BeitragVerfasst am: 17.06.2008, 15:20
Dozen-Roses
 
Anmeldedatum19.05.2008
Beiträge446


wgbajohr (Moderator) hat Folgendes geschrieben:
Hallo Dozen-Roses!


Dozen-Roses hat Folgendes geschrieben:

Hinzufügen möchte ich, dass das erste Forum, in welchem ich nach meiner Buchveröffentlichung angemeldet war, eine Kanonade von Hochnäsigkeit und Demütigung war. Jedes neue Mitglied wurde behandelt wie bei der Bundeswehr, wo man den Soldaten die Schlafanzüge zunäht, ihnen Senf auf die Kloobrille schmiert und Zahnpasta an die Türklinken.


Unangenehme Erlebnisse können den Widerwillen dagegen verstärken, aber sie können jemanden auch dazu bringen, dass er sich anpasst. Ich gehe aber davon aus, dass bei dir der Widerwille gestärkt wurde - so verstehe ich die folgenden Zeilen.
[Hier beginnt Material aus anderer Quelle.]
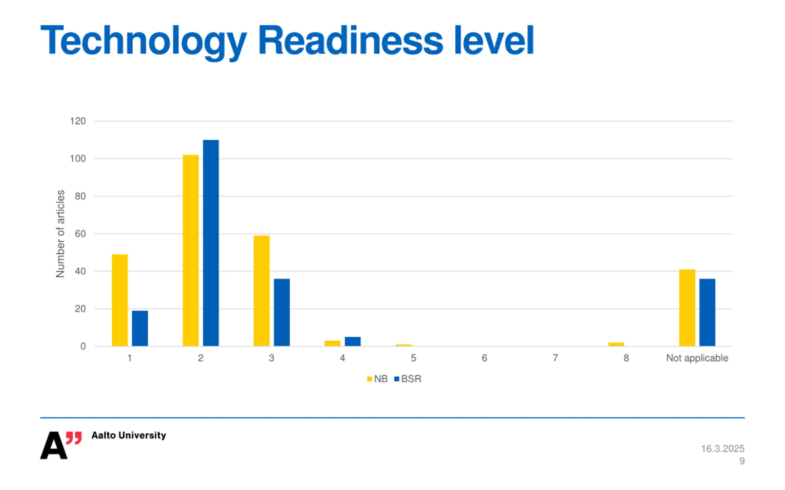 Technology Readiness level 120 100 Number of articles 80 60 40 20 0 1 2 3 4 5 6 7 8 Not applicable NB BSR 16.3.2025 9

Dozen-Roses hat Folgendes geschrieben:

Wenn ein Mitglied den Kopf verliert und sich in Unsachlichkeiten ergießt, sollte man selber auf jeden Fall versuchen, sachlich zu bleiben. Oft nimmt das den Wind aus den Segeln des Meuterers.

Mir ist auch, wie vielen anderen, aufgefallen, dass hier überwiegend ein Miteinander herrscht. Jeder gerne seine positiven Erfahrungen weitergibt. Auch Tipps, wenn es um Werbung und Veröffentlichung geht. thumb up

Um zur Hauptfrage zurück zu kommen, würde ich sagen, dass es immer ein leichtes auf und ab gibt, aber nicht schlechter geworden ist.


Vielen Dank!



Ich zog die Konszequenz und ging.

Re: wgbajohr: Was ist übrig?

BeitragVerfasst am: 17.06.2008, 18:25
wgbajohr (Moderator)
 
Anmeldedatum08.04.2007
Beiträge562
WohnortHamburg


Hallo Dozen-Roses!

Dozen-Roses hat Folgendes geschrieben:


Ich zog die Konszequenz und ging.


So hatte ich das verstanden. Ich hoffe, bei uns gefällt es dir jetzt besser!